[TML] Planets in binary systems

[Jerry W Barrington]

On 3/2/08 3:53 AM, "shadow at shadowgard.com" <shadow at shadowgard.com> wrote:

> On 2 Mar 2008 at 3:06, Jerry W Barrington wrote:
> 
>> Planets can orbit far from a pair of stars, or close to either of the stars.
>> "Close" is often quoted as about 1/3 of the way to the other star.  A useful
>> rule of thumb, but it assumes the stars are equal mass.  Obviously, if one
>> is much less massive than the other, it's planets must be much closer in.
>> This is why Jupiter can't have moons 1.7 AU out!  (Even if there weren't
>> other planets affecting things)
>> 
>> I think a more accurate figure would be 1/2 of the way to the nearest
>> Lagrange point, at their closest approach.  Unfortunately, I can't seem to
>> find simple equations for the locations of of L1/2/3 for arbitrary masses.
>> :(
> 
> Nope, Lagrange points are very special cases.
> 
> "Simplest" is to merely figure out the distance where the gravity of
> the star and that of the planet balance.
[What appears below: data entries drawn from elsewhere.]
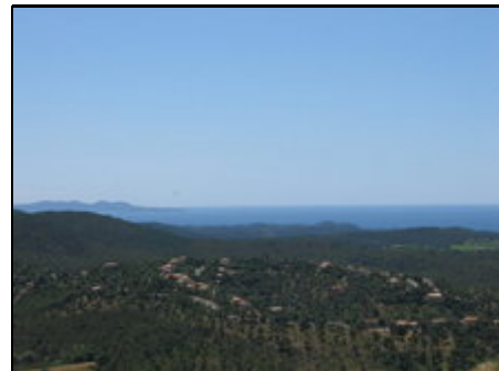
Blick auf Mittelmeer und Maurengebirge

Bootsfahrten zu den Inseln Porquerolles, Port-Cros und Ile du Levant. Besichtigung von Toulon, Hyères, St. Tropez, Le Lavandou, Bormes-les-Mimosas, Nizza und Cannes Entdeckungsfahrten ins Hinterland der Côte d'Azur.
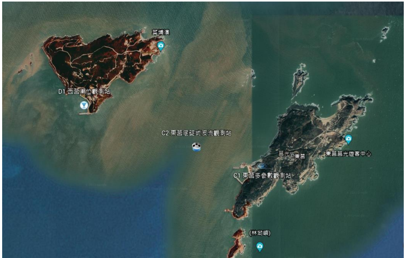
圖 2 莒光鄉海氣象儀器設備位置示意圖
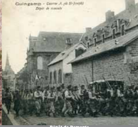
Dépôt de Remonte
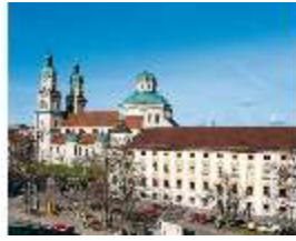
KemRes.I, Stiftskirche und Südtrakt, DE001276, BSV-
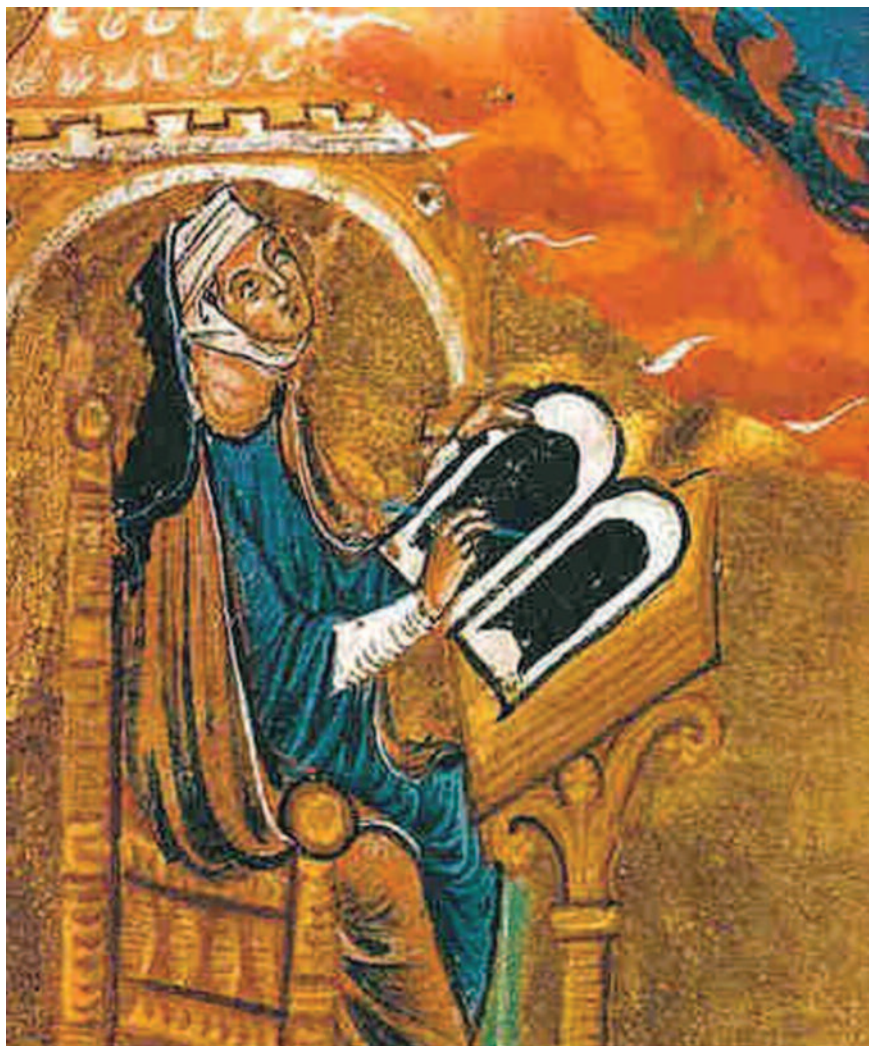
L'inspiration divine d'Hildegarde de Bingen, enluminure médiévale.

Parmi ses œuvres, on dénombre au moins quatre cents lettres et douze livres dont les principaux sont le Scivias ( Sache les voies du Seigneur ), le Livre des œuvres divines ( Visions ), Le Livre des mérites de la vie . Dans le Scivias , elle retrace l'histoire de la création, du salut et de la fin des temps. Elle développe une théologie cosmique, où l'amour de Dieu envers sa création occupe une place importante. L'abbesse applique dans son œuvre le concept de viriditas 3 à la nature
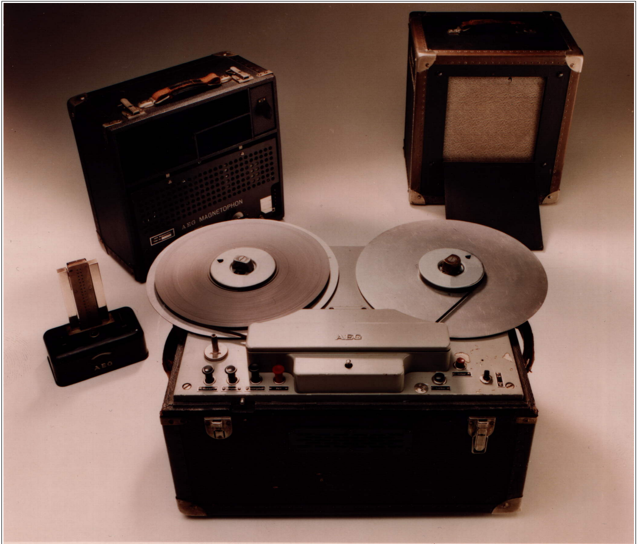
AEG 'Magnetophon' 1935
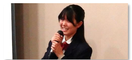
大人も子どもにも愛される絵本の魅力
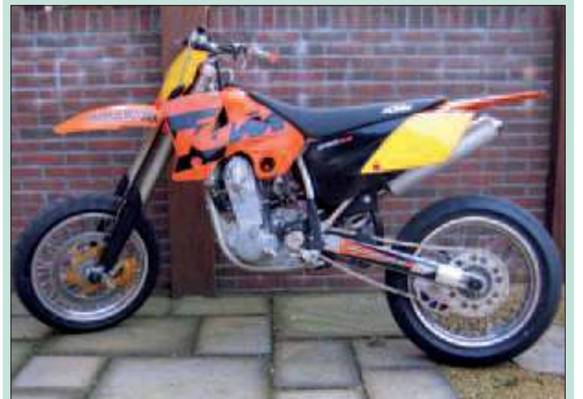
Eén van de gestolen motoren.

Op de plaats delict zelf is te zien hoe brutaal en doelbewust er te werk is gegaan. Je moet voor zo'n diefstal toch door het hek en tweemaal langs het huis waar binnen ook nog twee honden zijn. Eerst om bij de schuur te komen en daarna om het zware materiaal naar buiten af te voeren. De kans bestaat dat iemand tijdens die nachtelijke uren iets heeft gezien. Daarom wil Nagtegaal dit verhaal kwijt, want dat brengt misschien mensen op een idee. Natuurlijk heeft hij aangifte gedaan en toen bleek ook dat onlangs in Breukelen hetzelfde is gebeurd. Ook daar werden dezelfde twee types crossmotoren gestolen. Wie iets heeft gezien of denkt meer te weten over de diefstal wordt verzocht contact op te nemen met Wim Nagtegaal 06 55593309 of de politie De Bilt via 0900-8844.
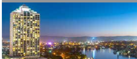
サーファーズ・パラダイス・マリオット・ リゾート & スパ 1泊に必要なクラブポイント数: 4,000 - スタンダードルーム
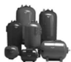
Мембранные баки Ultra-Pro

You won't find "real"
> satellites (and not much "captured" stuff either) outside that point.

This is either L1 (inner) or L2 (outer) of the planet relative to the star.
Useful for limiting the range of moons/satellites, but not my issue at the
moment.  See below.

> Most notable exception is the Earth/Moon system. But then again
> careful analysis shows that the moon doesn't really orbit the earth,
> it just shares an orbit with Earth.
> 
>> I tried looking at the Hill sphere too, but all the online info I can find
>> on Hill and Lagrange assume one mass much greater than the other.  Any
>> suggestions where I could find more general equations?  Or even an easy
>> derivation?  :)
> 
> There *are* no *solvable* general equations for the three body
> problem.
> 
> The Lagrange point solution is a special case and *requires* those
> substantial mass differences to work.

I think you may have read too much into my question.  I'm not looking to
place planets at the L points, nor solve the 3-body problem.  I merely want
to find L1/2/3 for any 2 *stars*.  These are just those balance points due
to the masses of the stars.  L4/5 are easy, just equilateral triangles, but
I'm not interested in those.

See, if a planet is orbiting 1 star of a pair, and it's orbit exceeds L1
between the stars, it can flip to the other star.  That's not stable.
Likewise, if it exceeds L2/3, it can flip to orbiting both, or escape.
Again, unstable.  Since even approaching those distances risks instability,
I'll cut those distances to about 1/2 or 1/3, as a safety margin.

And yes, the Lagrange points always exist, they are, as you said, where the
forces balance.  They just aren't stable orbits for many configurations.  I
just don't want them for that purpose.  I just want equations showing the
L1/2/3 points for 2 stars given there mass in Sols and distance in AUs.  Or
could be done in kg and km and convert it, whatever.